Benay Lappe (Hebrew: בִּנֵיי לַפֶּה/בנאי לאפה) is a rabbi and a teacher of Talmud in the United States. In 2016, Lappe was awarded the Covenant Award for innovation in Jewish education by the Covenant Foundation.

==Biography==
Lappe was born on April 13, 1960, and grew up in Evanston, Illinois. She earned a BA in Italian literature and a MA in education from the University of Illinois, an MA in Hebrew letters from the University of Judaism, and an MA in rabbinic literature, as well as a semicha (rabbinic ordination) from the Jewish Theological Seminary of America.

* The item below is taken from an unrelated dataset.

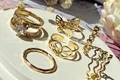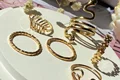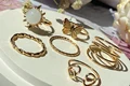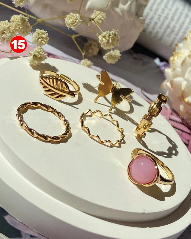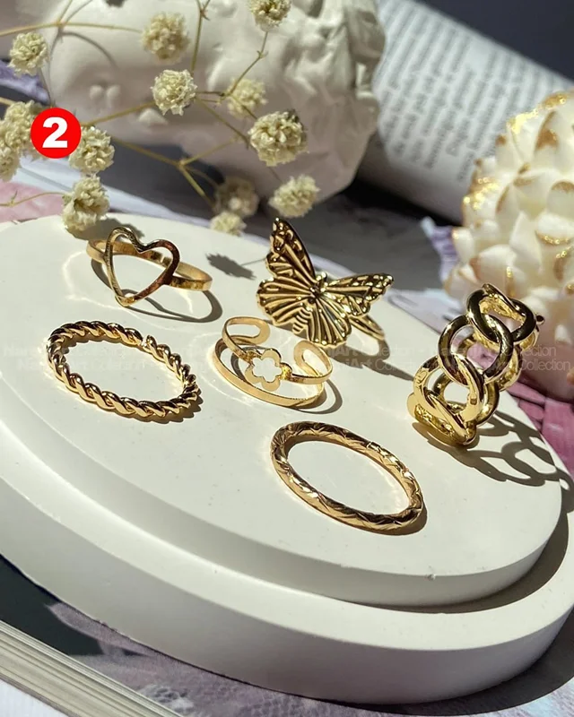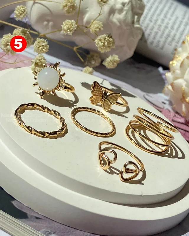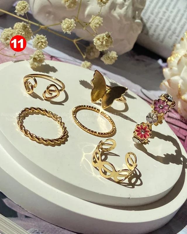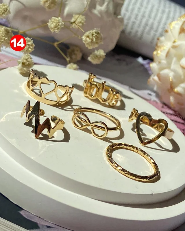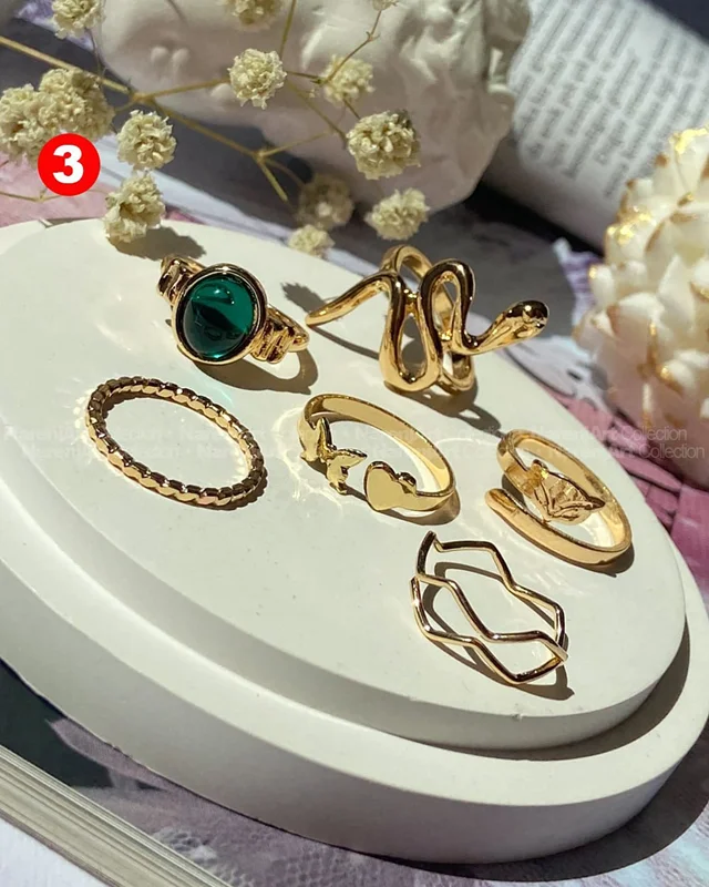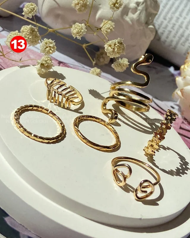 این ستهای انگشتر طلایی کوپر هستن که آبکاری شدن و ضدحساسیتن. جزو کارای مراقبتی هستن و بهتره در معرض الکل یا شویندهها نباشن. در هر پک بصورت میکس سایزای ۶-۷-۸ موجودن و بعضی مدلاشم فریسایزن که برا سایزای ۹ یا ۱۰ هم قابل تنظیمن. مدلای مختلف برحسب کدهای درج شده روی هرعکس قابل انتخابن و عکس اول کد یک هست.

Lappe is a professor at the University of Illinois, Temple University, American Jewish University, the Reconstructionist Rabbinical College, and the Graduate Theological Union's Richard S. Dinner Center for Jewish Studies affiliated with the University of California, Berkeley. She is professor of Talmud at the Hebrew Seminary in Skokie, Illinois, and serves as the President and Rosh Yeshiva of SVARA (Hebrew:סְבָרָא), a yeshiva she founded in Chicago in 2003. SVARA emphasizes radical empathy and innovation within Talmudic study and aims to empower learners to actively engage with and contribute to Jewish tradition.

Lappe was recognized on The Forward 50 2020 "list of American Jews who did remarkable things in this remarkable year".